You might want to post a link to this question in Forum666.

A step load change of nearly 50% of the unit rating is certainly going to cause some disturbance to the engine, perhaps severe enough to initiate a compressor stall or surge. It will almost certainly exceed the OEM's recommended loading ramp rate and will likely have a detrimental effect on hot parts life. Your governor and IGV control loops will need to be tight, which means that the hardware needs to be well maintained and accurately calibrated plus the software tuning must be optimised. Don't assume the latter to be the case!

You should engage the engine OEM's assistance if possible. They will have the tools to dynamically model the engine-generator train with sufficient accuracy to predict the response.
 
Continuously operating two gas turbines at <50% of their capability would surely place both in a very poor place on their efficiency graphs...economically unsound unless your fuel is dirt cheap - and environmentally unfriendly in any case.
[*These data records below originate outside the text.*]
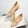 Inner height-increasing women's shoes bow-tie micro-open-toe thick-heeled single shoes women's 2025 new French pointed shallow-mouth high heels
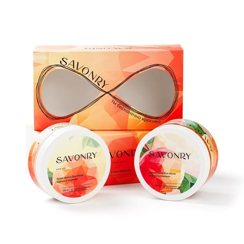 Разрешите себе роскошь ухода с набором Персик и тимьян и погрузитесь в мир спокойствия и благополучия.
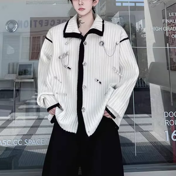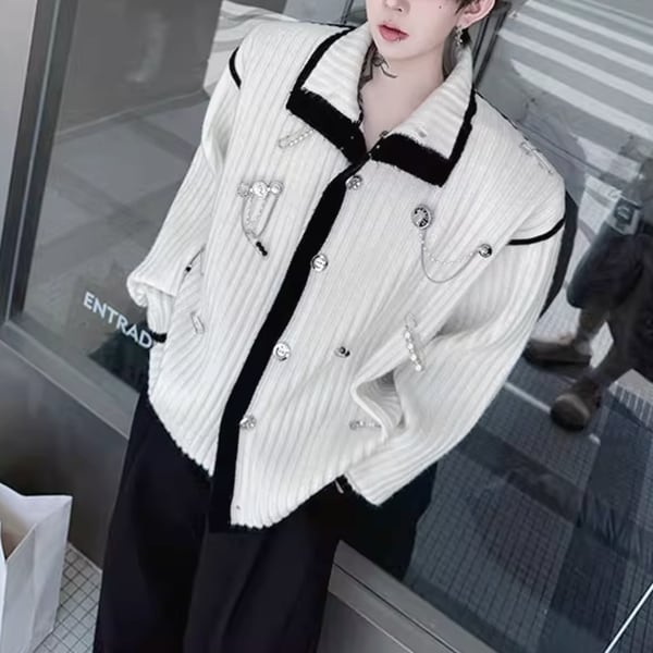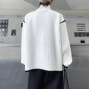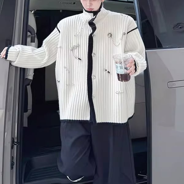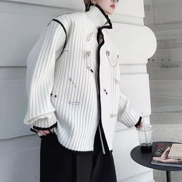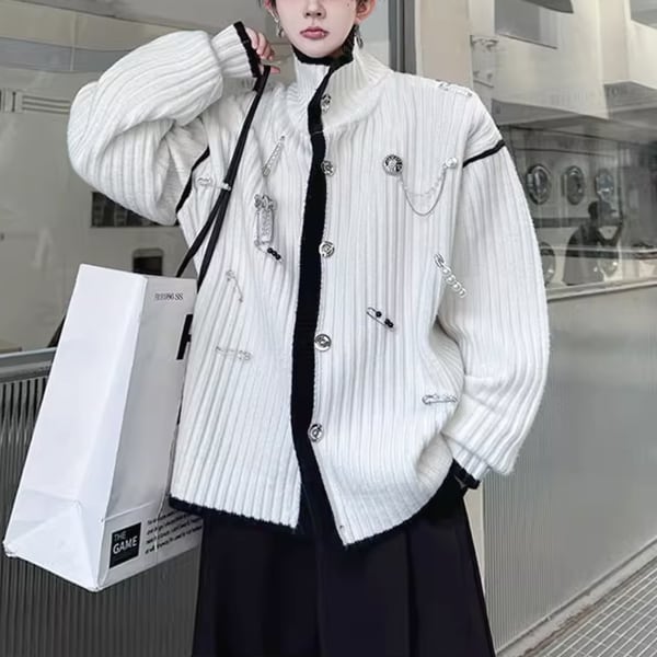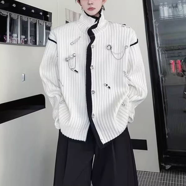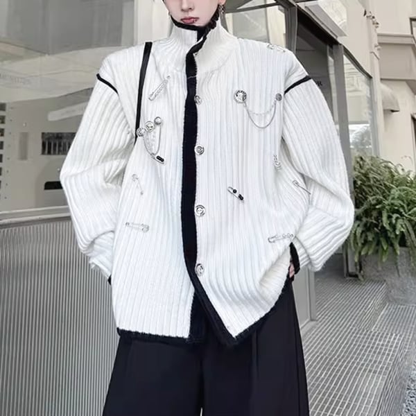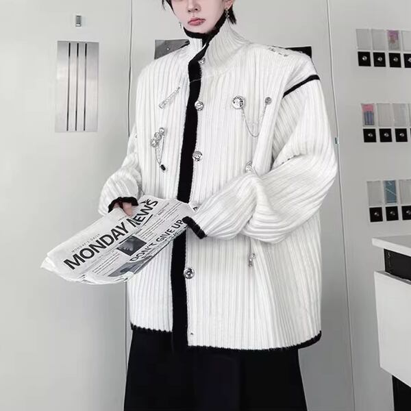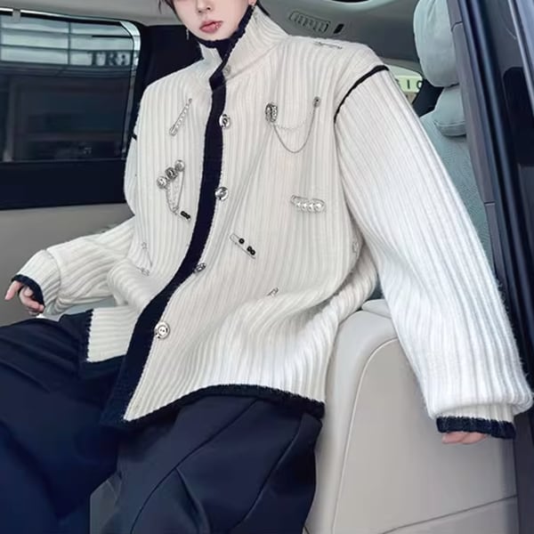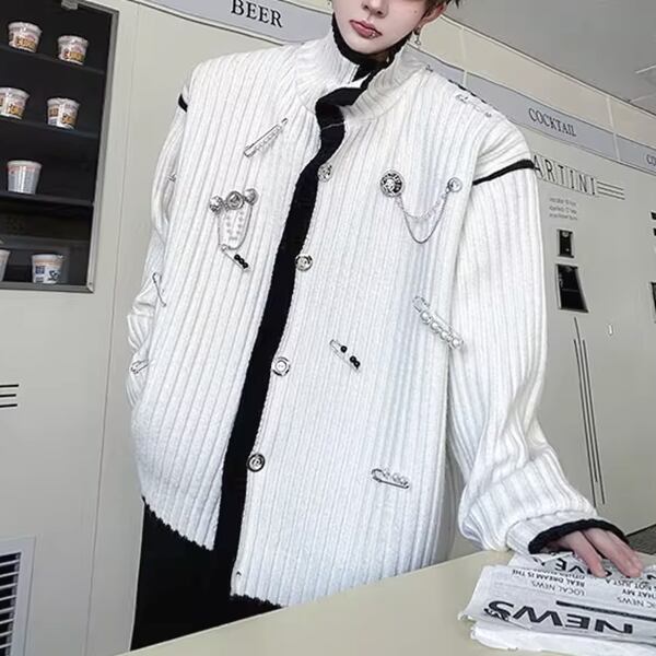 メタルバッジリブニットスタンドカラーホワイトカーディガン(ruf_02790)
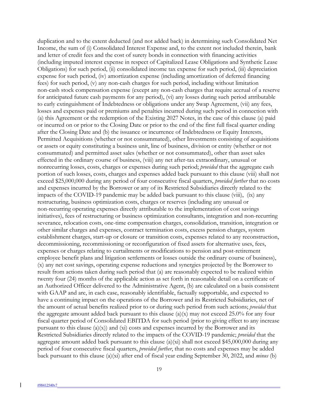 duplication and to the extent deducted (and not added back) in determining such Consolidated Net Income, the sum of (i) Consolidated Interest Expense and, to the extent not included therein, bank and letter of credit fees and the cost of surety bonds in connection with financing activities (including imputed interest expense in respect of Capitalized Lease Obligations and Synthetic Lease Obligations) for such period, (ii) consolidated income tax expense for such period, (iii) depreciation expense for such period, (iv) amortization expense (including amortization of deferred financing fees) for such period, (v) any non-cash charges for such period, including without limitation non-cash stock compensation expense (except any non-cash charges that require accrual of a reserve for anticipated future cash payments for any period), (vi) any losses during such period attributable to early extinguishment of Indebtedness or obligations under any Swap Agreement, (vii) any fees, losses and expenses paid or premiums and penalties incurred during such period in connection with (a) this Agreement or the redemption of the Existing 2027 Notes, in the case of this clause (a) paid or incurred on or prior to the Closing Date or prior to the end of the first full fiscal quarter ending after the Closing Date and (b) the issuance or incurrence of Indebtedness or Equity Interests, Permitted Acquisitions (whether or not consummated), other Investments consisting of acquisitions or assets or equity constituting a business unit, line of business, division or entity (whether or not consummated) and permitted asset sales (whether or not consummated), other than asset sales effected in the ordinary course of business, (viii) any net after-tax extraordinary, unusual or nonrecurring losses, costs, charges or expenses during such period; provided that the aggregate cash portion of such losses, costs, charges and expenses added back pursuant to this clause (viii) shall not exceed $25,000,000 during any period of four consecutive fiscal quarters, provided further that no costs and expenses incurred by the Borrower or any of its Restricted Subsidiaries directly related to the impacts of the COVID-19 pandemic may be added back pursuant to this clause (viii), (ix) any restructuring, business optimization costs, charges or reserves (including any unusual or non-recurring operating expenses directly attributable to the implementation of cost savings initiatives), fees of restructuring or business optimization consultants, integration and non-recurring severance, relocation costs, one-time compensation charges, consolidation, transition, integration or other similar charges and expenses, contract termination costs, excess pension charges, system establishment charges, start-up or closure or transition costs, expenses related to any reconstruction, decommissioning, recommissioning or reconfiguration of fixed assets for alternative uses, fees, expenses or charges relating to curtailments or modifications to pension and post-retirement employee benefit plans and litigation settlements or losses outside the ordinary course of business), (x) any net cost savings, operating expense reductions and synergies projected by the Borrower to result from actions taken during such period that (a) are reasonably expected to be realized within twenty four (24) months of the applicable action as set forth in reasonable detail on a certificate of an Authorized Officer delivered to the Administrative Agent, (b) are calculated on a basis consistent with GAAP and are, in each case, reasonably identifiable, factually supportable, and expected to have a continuing impact on the operations of the Borrower and its Restricted Subsidiaries, net of the amount of actual benefits realized prior to or during such period from such actions; provided that the aggregate amount added back pursuant to this clause (a)(x) may not exceed 25.0% for any four fiscal quarter period of Consolidated EBITDA for such period (prior to giving effect to any increase pursuant to this clause (a)(x)) and (xi) costs and expenses incurred by the Borrower and its Restricted Subsidiaries directly related to the impacts of the COVID-19 pandemic; provided that the aggregate amount added back pursuant to this clause (a)(xi) shall not exceed $45,000,000 during any period of four consecutive fiscal quarters, provided further, that no costs and expenses may be added back pursuant to this clause (a)(xi) after end of fiscal year ending September 30, 2022, and minus (b) 19 #98412540v7
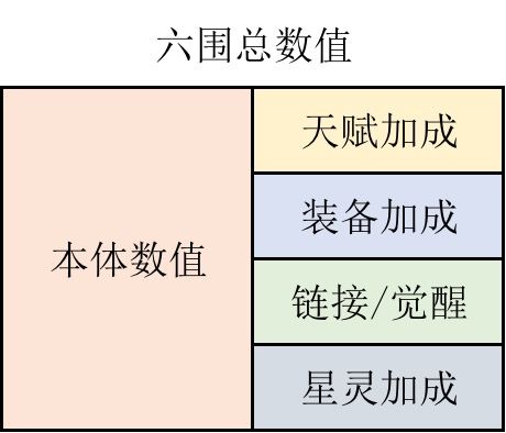其中,天赋、装备、觉醒、链接、星灵都为固定数值加成,并直接加于本体数值之上,与本体数值分别独立计算

I've always been told that gas turbines operate most efficiently when loaded between 80% and 100% of their rating; is there any reason you cannot use a greater number of lower-rated machines?

CR

"As iron sharpens iron, so one person sharpens another." [Proverbs 27:17, NIV]
 
"is there any reason you cannot use a greater number of lower-rated machines?"

Apart from the capital cost of buying new machines and scrapping those he has? Probably not... ;-)
 
I've done some analysis (masters project) and could never find an n-1 solution that was economical. Bottom line IMHO its simply better to use the grid in event of unit failure and pay the ratchet than to endure the extra cost of installing an n-1. You would be better off simply investing the money.
 
davidbeach said:
But, he states there is no grid.

I interpreted it as he does not want to connect, not that there is no grid. I have yet to find an economical mix that yields n-1 contingency especially when taking time value of money analysis into account. Its simply cheaper to use the grid in the event of failure and pay the cost than it is to pay the upfront cost for the contingency.

What makes engineering sense does not always make economic sense.